The Supreme Court says it will weigh in Monday on Pakistan political turmoil.

Hours after Prime Minister Imran Khan declared the National Assembly dissolved on Sunday, preventing a no-confidence vote that seemed sure to oust him, opposition leaders challenged the move before Pakistan’s Supreme Court.

The Supreme Court said it would hear their petition Monday. The court could declare Mr. Khan’s move unlawful and allow the vote to proceed.

Should that happen, it is far from clear what Mr. Khan would do next.

Some analysts in Pakistan speculated that he might have members of the opposition arrested, on the grounds that they were part of what he claims to be an American conspiracy to remove him from office. Mr. Khan has led a growing crackdown on dissent, and opponents have accused him of targeting opposition members under the pretext of an anticorruption campaign.

One lawmaker from Mr.
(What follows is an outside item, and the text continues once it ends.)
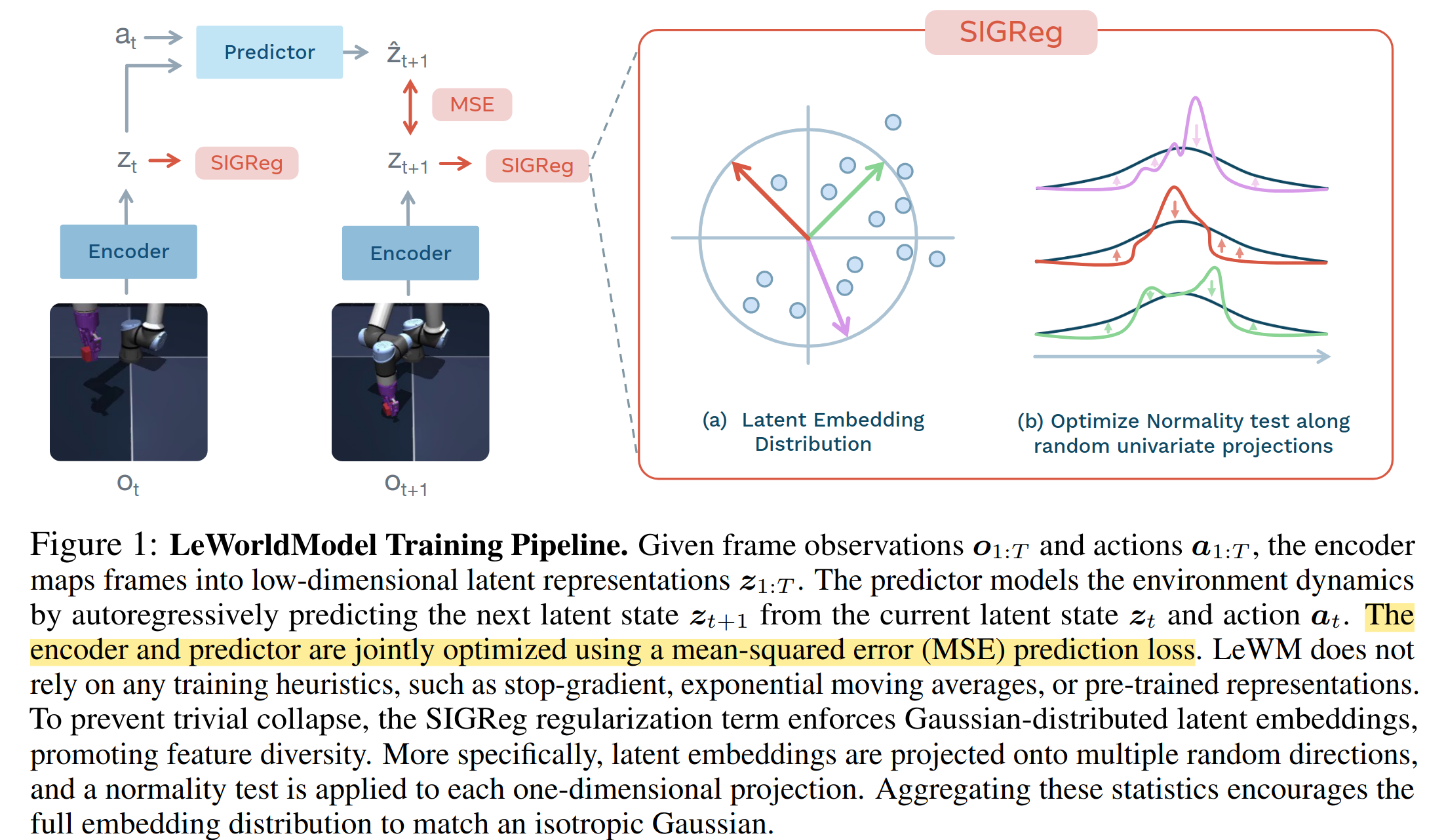 如果单看LeWorldModel这一文,方法本身是很简单的。但是里面引用了 A Path Towards Autonomous Machine Intelligence 和 LeJEPA: Provable and Scalable Self-Supervised Learning Without the Heuristics的诸多结论,后面会补齐后面两文的学习文档。

Khan’s Tehreek-e-Insaf party, Kanwal Shauzab, said arresting opposition members was a “possibility” as long as it was done “in accordance with the law of the land.”

“We are not going to go after the opposition without any reason. It’s what they have done. They have to pay for their own deeds,” she added.
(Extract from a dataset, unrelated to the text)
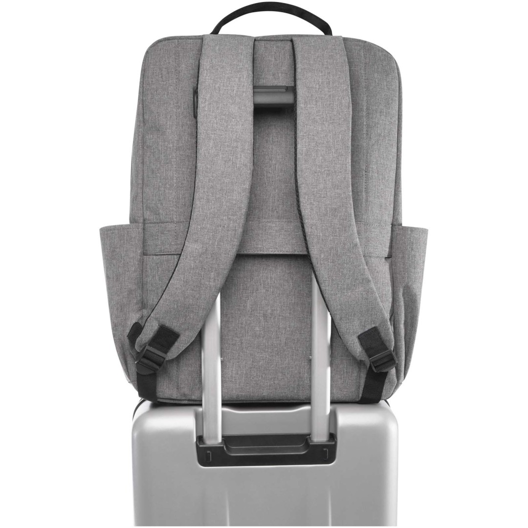 Batoh Libra je vyroben z recyklovaného polyesteru s certifikací GRS a RPET podšívky a obsahuje 15” přihrádku na notebook s další polstrovanou kapsou na tablet a organizačními kapsami. K dispozici je také několik kapes na vnější straně, polstrované a nastavitelné ramenní popruhy a popruh na kufr na kolečkách na zádech. Nosnost do 10 kg.

Such arrests could reduce the majority that had seemed poised to oust Mr. Khan. But his move Sunday seemed to risk costing him supporters of his own. One outspoken lawmaker from his party, Aamir Liaquat Husain, resigned in protest, joining dozens of members of Mr. Khan’s coalition who have defected in recent weeks.

Trying to head off such defections, the interior minister said Tehreek-e-Insaf had the support of Pakistan’s institutions in dissolving the legislature — an apparent reference to the military, whose backing is considered critical to the survival of Pakistan’s civilian governments.

Military leaders had appeared to withdraw support from Mr. Khan late last year after a dispute over its leadership. They have maintained that the military remains neutral in the current political crisis.

But a spokesman for the army denied that it had been involved in or supported Sunday’s developments. It was the first time military leaders had so openly suggested that they did not support Mr. Khan’s bid to stay in office. To some, it raised the possibility of military intervention — a familiar pattern in Pakistan’s history — should the political crisis drag on.